XML 92 R11.htm IDEA: XBRL DOCUMENT v2.4.0.8
Restructuring Activities
12 Months Ended
Feb. 01, 2014
Restructuring Activities [Abstract]  
Restructuring Activities
Restructuring Activities
During the fourth quarter of 2011, the Company initiated a restructuring program designed to resize a portion of La Senza's store fleet and relocate its home office from Montreal, Canada to Columbus, Ohio. The Company recognized a pre-tax charge consisting of contract termination costs, severance and other costs of $24 million, including non-cash charges of $5 million, in the fourth quarter of 2011. The restructuring charges of $17 million and $7 million are included in Cost of Goods Sold, Buying and Occupancy and General, Administrative and Store Operating Expenses, respectively, on the 2011 Consolidated Statement of Income. In 2012, the Company made cash payments of $11 million and decreased the estimate of expected contract termination costs by $3 million related to this restructuring program. This $3 million change in estimate was included in Cost of Goods Sold, Buying and Occupancy on the 2012 Consolidated Statements of Income. During 2013, the Company made cash payments of $3 million and decreased the estimate of expected contract termination costs by an additional $1 million related to this restructuring program. The remaining balance of $1 million is included in Other Long-term Liabilities on the February 1, 2014 Consolidated Balance Sheet.

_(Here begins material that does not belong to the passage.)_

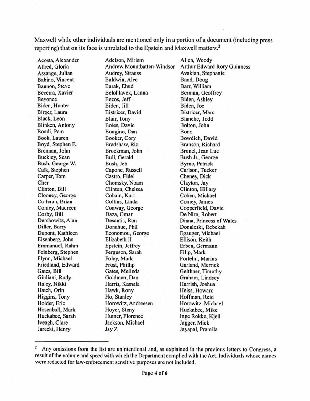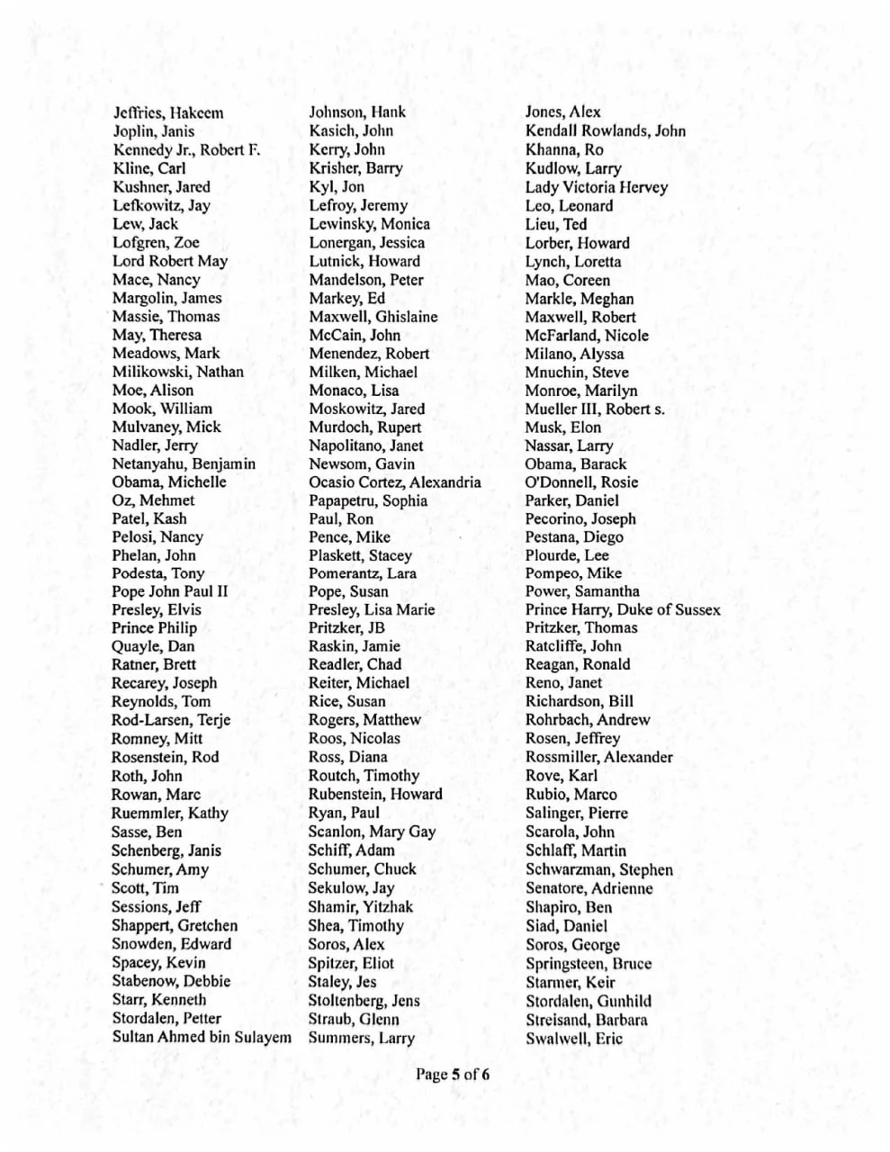 Среди фигурантов перечня: Барак и Мишель Обама, Билл и Хиллари Клинтон, Дональд Трамп, Билл Гейтс, Марк Цукерберг, Илон Маск, Камала Харрис, Нэнси Пелоси, принц Гарри, папа Иоанн Павел II, Роберт Де Ниро, Вуди Аллен, Ким Кардашьян, Брюс Спрингстин, Боно, Jay-Z, Бейонсе и другие.

During the second quarter of 2012, the Company initiated a second restructuring program designed to further resize the La Senza store fleet. In 2012, the Company recognized a pre-tax charge of $17 million, including non-cash charges of $6 million. Restructuring charges of $16 million and $1 million are included in Cost of Goods Sold, Buying and Occupancy and General, Administrative and Store Operating Expenses, respectively, on the 2012 Consolidated Statement of Income. In 2012, the Company made cash payments of $5 million related to this restructuring program. During 2013, the Company made cash payments of $3 million and decreased the estimate of expected contract termination costs by $1 million related to this restructuring program. Of the remaining balance of $2 million, $1 million is included in Accrued Expenses and Other and $1 million is included in Other Long-term Liabilities on the February 1, 2014 Consolidated Balance Sheet.